A new tax haven created by Ghana could attract tax dodgers and drug traders seeking to launder money unless safeguards are introduced, warns a report launched today in Accra.
The report, Taxation and Development in Ghana, co-funded by Christian Aid Ghana, says the potential detrimental effects of the International Financial Services Centre (IFSC) could be felt across the region. The centre has been set up with the help of Barclays bank.

‘The risk of illicit funds finding their way into the offshore financial centre is particularly acute given the extensive cocaine trade in the country and the massive flows from oil that are expected in the near future’, says the report. Large oilfields were recently discovered off Ghana’s coast.
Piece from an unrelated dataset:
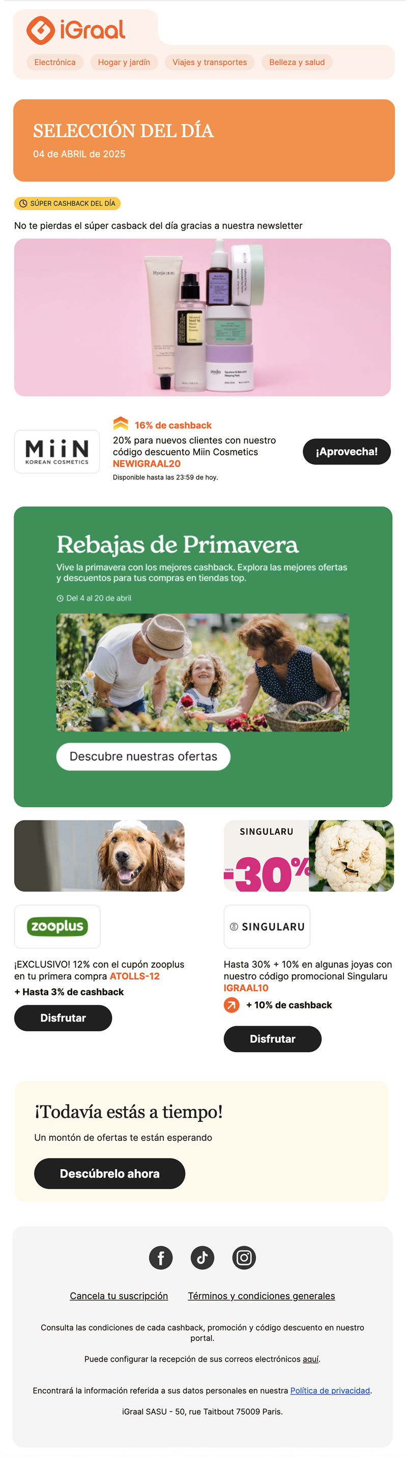 Esta newsletter de iGraal es un gran ejemplo de como usar los colores en el fondo para separar contenido y destacar partes de tu email.

If the Ghanaian government is committed to the IFSC becoming fully operational, the report argues that it should first produce and disseminate credible, well-researched evidence about the potential benefits and risks for Ghana. In addition, officials working in the Central Bank, Registrar General and tax agencies should be extremely well versed in the relevant laws and should work closely together to minimise the risks.

Furthermore, the Government should introduce special methods to monitor inflows of funds from regional oil producing states, potentially in conjunction with the Extractive Industries Transparency Initiative, because such funds are of notoriously questionable origin.

The report goes on to warn that unless Ghana co-operates in the global fight against financial crime, it is at risk of being added to the tax haven blacklist set up recently by the Organisation for Co-Operation and Development.
Other sections of the report are devoted to Ghana’s sources of tax revenue and the need to increase them in order to reduce the country’s dependence on foreign aid.

The report estimates that Ghana currently loses around 50 per cent of the corporate tax revenues it is due each year (that is, it loses some  109 million /125 million Euros) to tax dodging by multinational companies. A major part of the problem, it says, is that most tax officials lack a thorough understanding of companies’ complex tax avoidance schemes.

Mining companies are highlighted as a particular problem, in that they impose major environmental costs but contribute very little to Ghana’s tax revenues, despite their large profits in recent years. For instance, the report states that between 2002 and 2006, mining firms as a group paid a maximum of 2 per cent of their turnover in corporation tax, and a minimum of 0.5 per cent.

The report blames the low contribution of mining on a combination of tax evasion by some firms and their expatriate employees and on the failure of tax officials to properly enforce existing law, some of which they say is too complex.

Another problem highlighted by the report is the failure of Ghana’s tax collection agencies publicly to disclose (and even, perhaps, to evaluate) the effects of the generous tax incentives the country offers foreign investors.
Asked recently about the haven’s potential for abuse, Barclays Bank said: ‘Barclays has been operating in Ghana for more than 90 years.

During this time, we have earned a reputation for partnering with Ghana’s government to extend access to banking services, build a culture of saving amongst the Ghanaian population and promote the development of the Ghanaian economy.

‘The creation of the IFSC is another landmark achievement in developing Ghana’s financial services sector and Barclays is proud to have been able to partner with the Ghanaian government in this initiative. We adhere to the highest and most stringent levels of international regulation, rules and industry guidance for the financial services sector.’